Grant's data suggest a stream water temperature increase,  would lower the probability of occupancy by both red salamanders, pictured here, and dusky salamanders. (Credit: Brad Glorioso/USGS)

Grant’s data suggest a stream water temperature increase, would lower the probability of occupancy by both red salamanders, pictured here, and dusky salamanders. (Credit: Brad Glorioso/USGS)

Grant spent long days hunched over streams, overturning rocks and other cover with his aquarium net at the ready to snatch any larval, juvenile or adult salamanders that appeared. Captured animals were held on the banks in plastic bags before being identified and released back into the stream. Stream water temperature, specific conductance and pH were measured in the field with a handheld multiparameter meter. Nutrient concentrations were determined in the laboratory from water samples.

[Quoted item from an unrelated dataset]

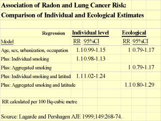 | The individual level analysis shows an association between the risk of lung cancer and levels of radon, whereas the ecological analysis does not show an association. |

Grant plugged the water quality and salamander data into a model that evaluates the relative influence of each parameter on whether any of the surveyed species would occupy a stream segment. Temperature proved to be overwhelmingly important in the streams Grant sampled in the year that he sampled them. The model showed more uncertainty over the importance of the other stream variables.

“I wouldn’t conclude from this study that pH is not important for salamander occupancy,” Grant said. “It just was not as important as temperature given the range of pH levels we observed in our sample.”

Knowing that temperature is important to salamander occupancy could help the Park Service project how the distribution of these species might change given a rise in stream temperatures, Grant said.

Even though Grant describes the work of sampling stream salamanders backbreaking, he said the work is fun and he wouldn’t do it if it weren’t.

“It’s backbreaking because you’re bending over the stream for 10 or 12 hours a day trying to catch these little guys,” Grant said. “But it beats sitting in an office.”